INTRODUCTION

EPAD is an innovative position-specific distance-dependent statistical potential for protein structure and functional study. EPAD has different energy profiles for the same type of atom pairs, depending on their sequence positions. This is very different from currently popular potentials such as DFIRE and DOPE, which have a single energy profile for the same type of atom pairs across all proteins.
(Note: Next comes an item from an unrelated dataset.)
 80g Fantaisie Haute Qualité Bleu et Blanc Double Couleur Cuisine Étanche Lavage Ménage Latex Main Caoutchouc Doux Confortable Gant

Experimentis show that EPAD show that EPAD greatly outperforms currently popular higher-resolution full-atom potentials in several decoy discrimination tests and also ab initio folding. This implies that statistical potentials can be significantly improved using evolutionary information.

For more details, please see the REFERENCES.

INSTALLATION

Unzip the EPAD.tar.gz file, you will find three sub-directories: bin, config, and SEQ. The files in the bin directory are the executables for generating necessary preliminary data files from a given sequence, and for calculating the potential for decoys (EPADCalc); the config directory contains the configuration files and model files for EPAD to generate potentials; the SEQ directory is for the user specific data.
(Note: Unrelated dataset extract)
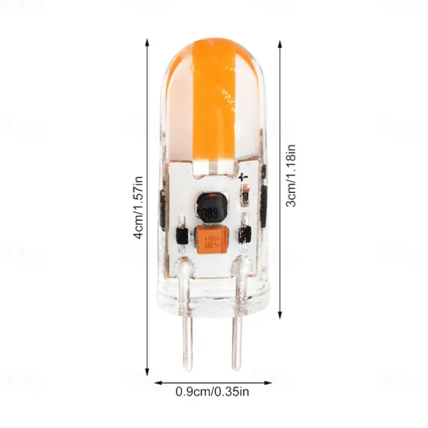 Quantity: 4pcs, LED Beads Quantity: 1, Light Color: Warm White, White, Type: LED Bi-pin Lights, LED Corn Lights, LED Spotlight, Wattage (W): 5, Voltage (V): 12, Initial Lumens (lm): 500, Color Temperature (k): 3000, Primary Application: Home / Office, Children’s Room, Kitchen, Hallway / Stairwell, Bulb Shape: T, LED Type: COB, Bulb Base: GY6.35,

EPAD needs to run some executables from PSI-BLAST, PSIPRED and HHpred to generate the preliminary data files. Those executables are already enclosed in this package. By default, PSI-BLAST uses NR database, which can be downloaded at ftp://ftp.ncbi.nih.gov/blast/db/ or here.

Please modify the file generateEPADfeature.sh by setting the BLASTDB parameter to the correct NR database location in the TODO section:

# TODO: please specify the directory where you have installed NR database
export BLASTDB=~/NR/nr

Or using the following command for bash:

BLASTDB=~/NR/nr; export BLASTDB

RUN EPAD

EPAD works in two steps.

Step 1. Preparation

EPAD accepts FASTA format sequence file as its input. Given a sequence file named *.seq, you need to copy this file to the SEQ directory, then run generateEPADfeature.sh.
Here's an example (Suppose the sequence file is 1a19.seq):

./generateEPADfeature.sh 1a19

The only parameter is the name of the target protein.

The above command will generate feature files (e.g. 1a19.epad and 1a19.epad_local) in the SEQ/EPAD directory.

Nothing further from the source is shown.